Advisors flag missing indexes, sequential scans on large tables, and bloated RLS policies. Each is a Medium–High performance defect.

Phase 6: Finding-chaining & triage

Before writing the report, scan all DEFECT cells for chains:

Two Medium findings often combine into a High or Critical path.
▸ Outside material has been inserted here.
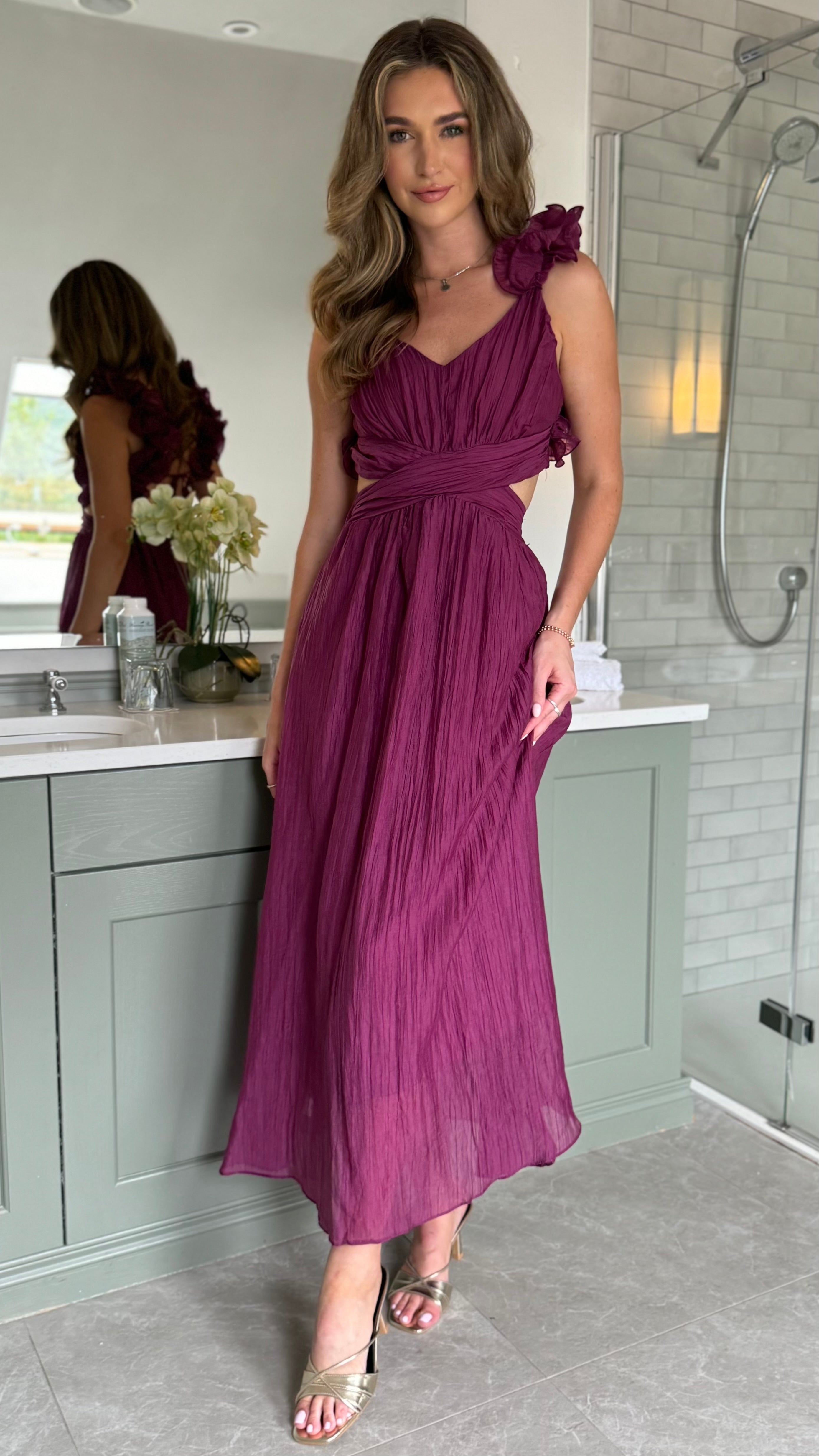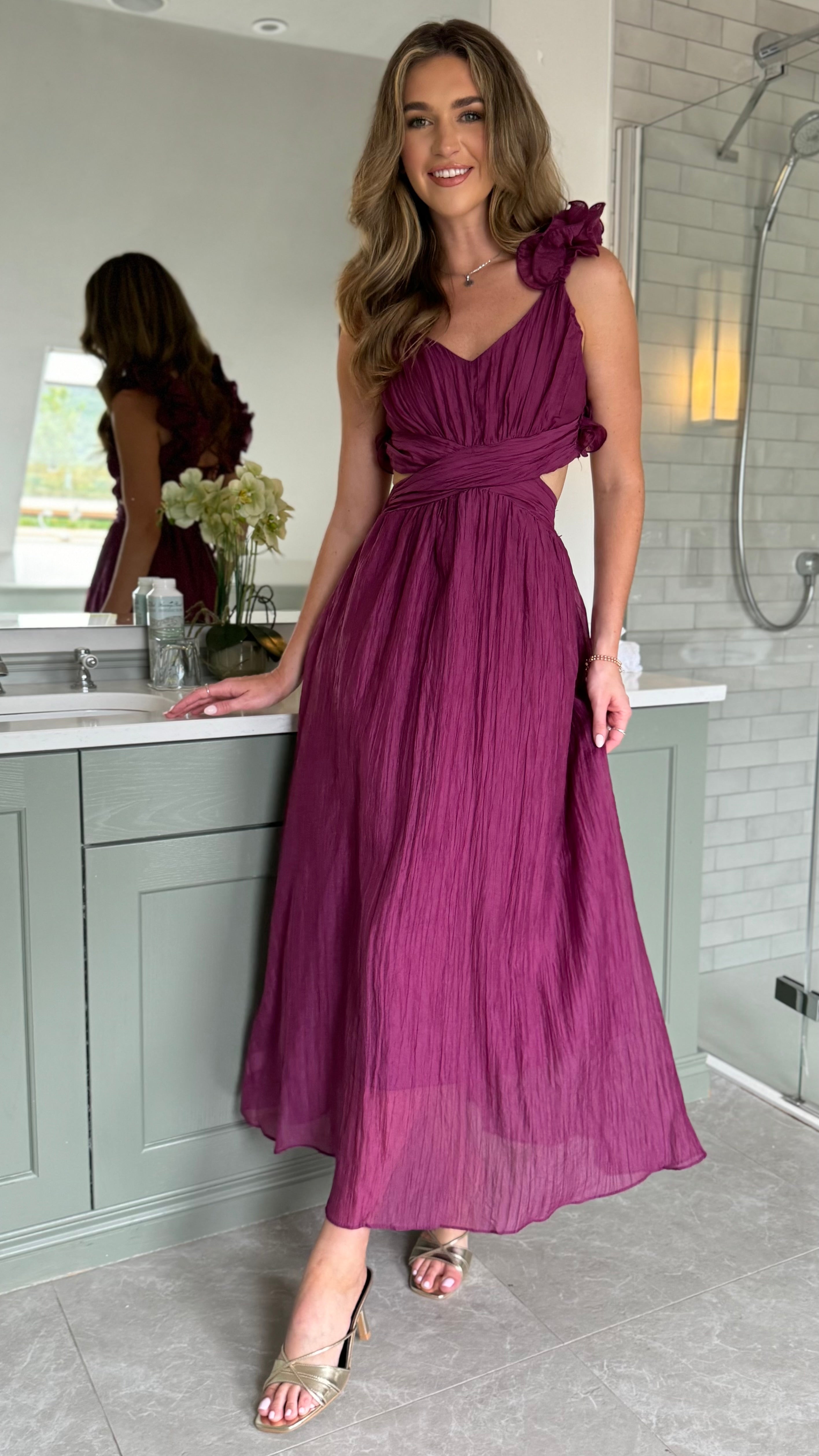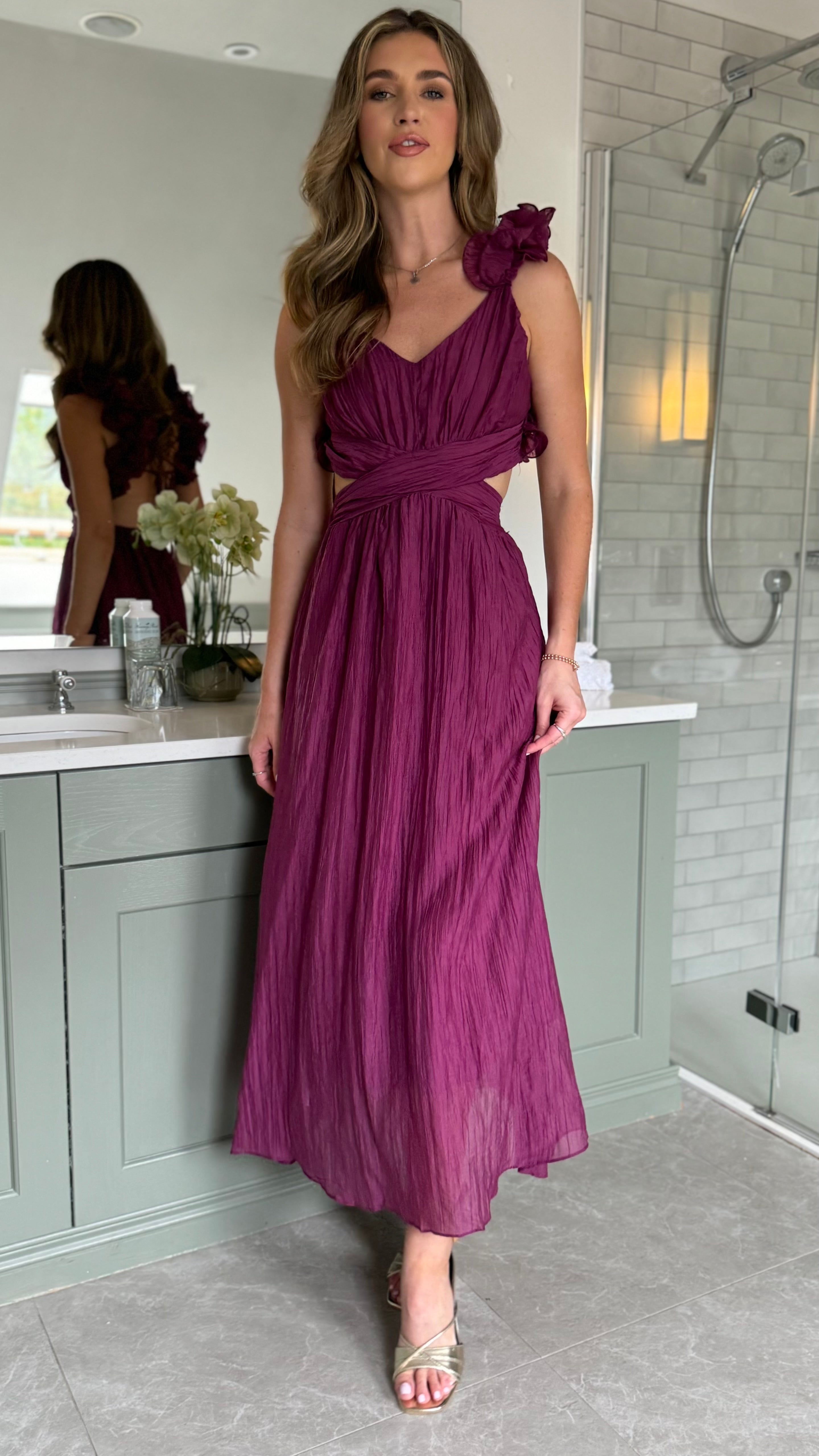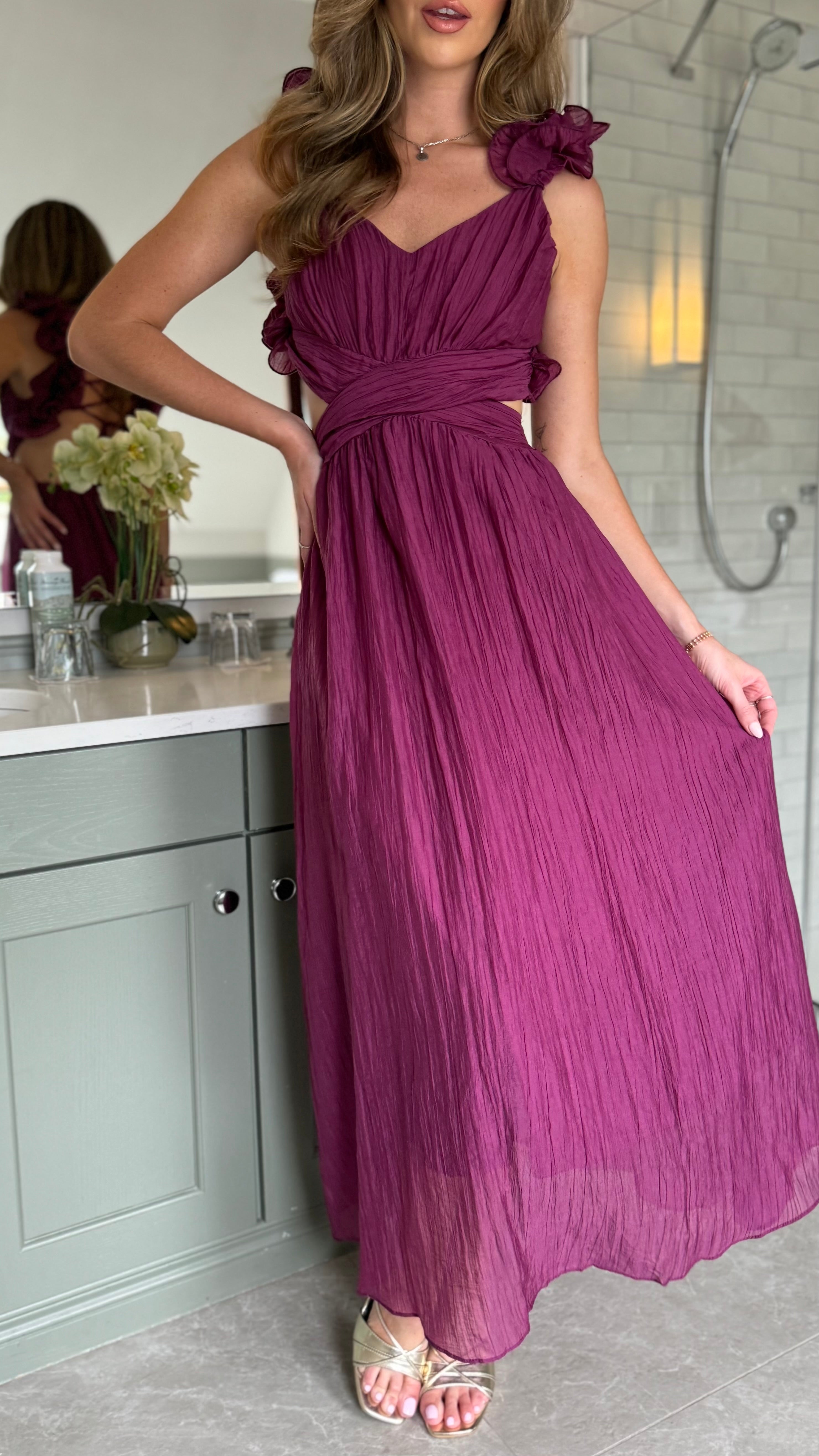 Elsa Mauve Ruffle Details Backless Midi Dress

Example: "reflected input in URL param" + "CSP missing" = stored XSS → data theft.
Auth weakness + IDOR = full account takeover chain.
Stale cache + no optimistic revert = silent data corruption.

For each finding, assign:

Field	Options
Severity	Critical / High / Medium / Low / Info
Likelihood	High (trivial to exploit) / Medium (requires access) / Low (theoretical)
Impact	Data loss / account takeover / PII leak / UX degradation / performance SLA breach
Affected component	`src/components/Foo.tsx`, `supabase/functions/bar`, etc.
Remediation	Specific fix at the file/function level, not vague advice

Phase 7: Defect report (the deliverable)

## Red-Team Defect Report — [App / Repo] — [Date]

### Scope
- Target type: [web | RN | Capacitor | mixed]
- Dev URL: [...]  Auth: [...]
- Features red-teamed: [list]
- Coverage matrix: [link or inline]

### Critical Defects (fix before any release)
| # | Feature | Surface / Component+State | Finding | Evidence | File | Remediation |
|---|---------|--------------------------|---------|----------|------|-------------|
| 1 | Auth | Login / error state | IDOR: User B can read User A documents via GET /api/docs/:id | Screenshot+network | src/app/api/docs/[id]/route.ts | Add ownership check: `WHERE user_id = auth.uid()` |

### High Defects
| # | Feature | Surface / Component+State | Finding | Evidence | File | Remediation |

### Medium Defects
| # | Feature | Surface / Component+State | Finding | Evidence | File | Remediation |

### Low / Info
| # | Feature | Surface / Component+State | Finding | Evidence | File | Remediation |

### Attack chains identified
1. [Finding #N] + [Finding #M] → [combined impact and attack path]

### Coverage matrix (final)
| Feature | Surface/Component+State | UI/UX | Pipeline | Security | Perf |
|---------|------------------------|-------|----------|----------|------|
...

### Backend truth-check
- Sentry: [new/related issues — count + highest severity]
- Supabase: [advisors, logs, RLS test results]

### Launch-readiness verdict
**Ready / Ready after Critical fixes / Not ready** — [2-sentence justification]

### Test data cleanup
- RT-TEST-* rows deleted: [Y/N / N-A]

Guardrails

Anti-stall always — never block >3 s on a browser action; incremental wait → snapshot → check; max 4 attempts per goal; mark [TIMEOUT] and move on.
Evidence for every DEFECT — screenshot + console + network + DB query result. "It looked broken" is not a defect.
No destructive PoCs — confirm XSS/SQLi with a benign payload (document.title='XSS', SELECT 1), never DROP TABLE or real data exfil.
Ask before mutating production rows — DDL (schema changes) for a requested fix ships; DELETE/UPDATE/TRUNCATE on real production data asks first.
Secrets by name only — never print .env values in chat or screenshots.
Honest verdict — do not declare "no defects" if any cell is untested. Mark untested cells N-A with a note explaining why (auth blocked, no data, etc.).
Offer to fix after the report — ask which Critical/High defects to address first; use test-playwright PDCA discipline when applying fixes.
MCP schemas first — always check tool schemas under mcps/<server>/tools/ before calling any MCP tool.
Pure-native iOS/Android out of scope — document it in the report if relevant.